= Required action =
With the pictures set aside, write out all of the data exactly as it stands.

= Dataset excerpt =
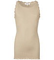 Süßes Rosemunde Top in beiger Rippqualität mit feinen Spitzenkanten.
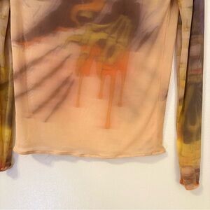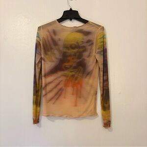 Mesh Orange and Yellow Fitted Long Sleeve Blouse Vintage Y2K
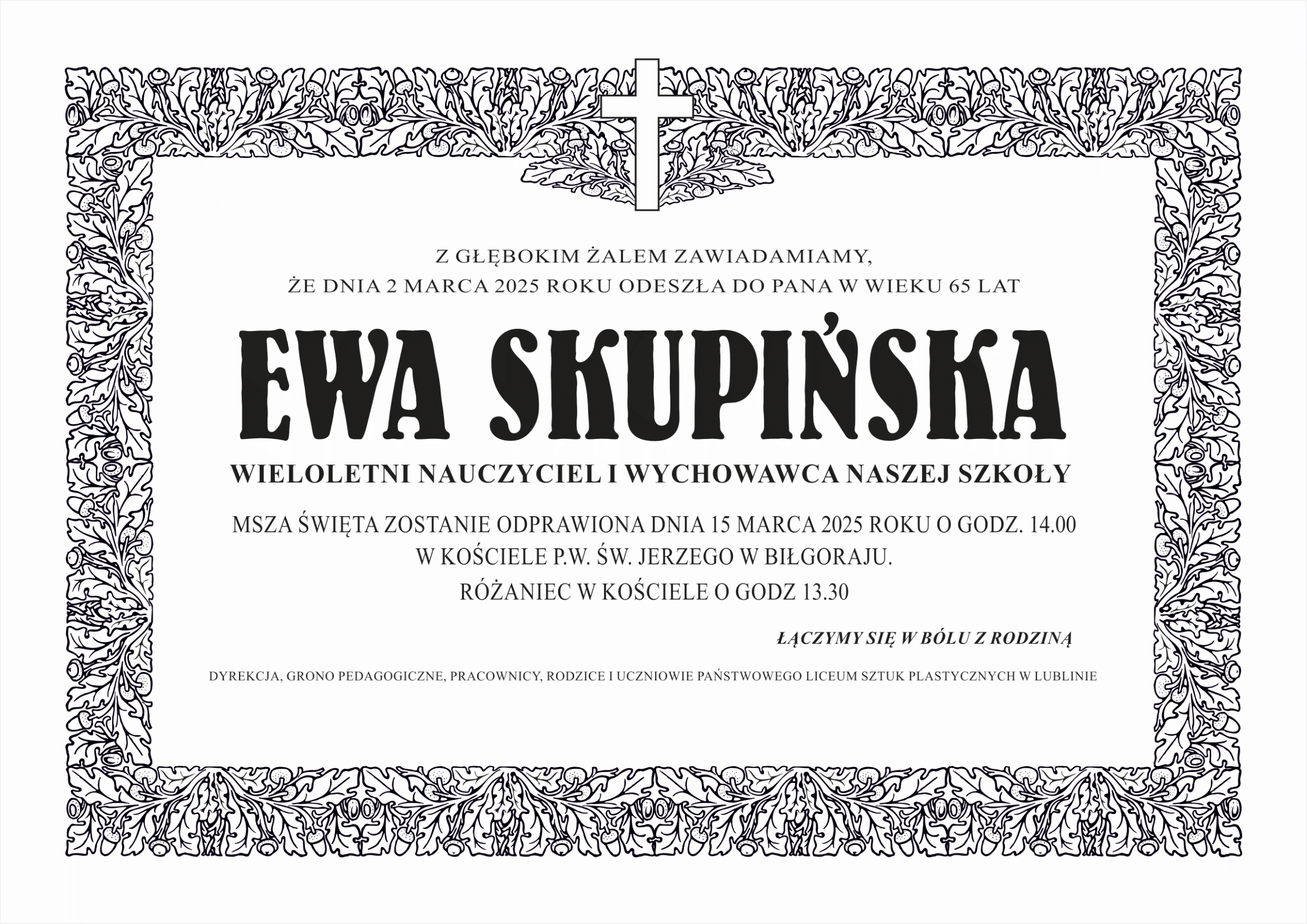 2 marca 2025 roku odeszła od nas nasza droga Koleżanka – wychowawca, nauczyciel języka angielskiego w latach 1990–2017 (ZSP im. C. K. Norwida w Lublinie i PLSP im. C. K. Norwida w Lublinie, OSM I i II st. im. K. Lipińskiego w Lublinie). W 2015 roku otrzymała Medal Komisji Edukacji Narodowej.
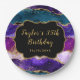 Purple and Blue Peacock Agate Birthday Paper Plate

= Solution to the problem =
 Süßes Rosemunde Top in beiger Rippqualität mit feinen Spitzenkanten.
 Mesh Orange and Yellow Fitted Long Sleeve Blouse Vintage Y2K
 2 marca 2025 roku odeszła od nas nasza droga Koleżanka – wychowawca, nauczyciel języka angielskiego w latach 1990–2017 (ZSP im. C. K. Norwida w Lublinie i PLSP im. C. K. Norwida w Lublinie, OSM I i II st. im. K. Lipińskiego w Lublinie). W 2015 roku otrzymała Medal Komisji Edukacji Narodowej.
 Purple and Blue Peacock Agate Birthday Paper Plate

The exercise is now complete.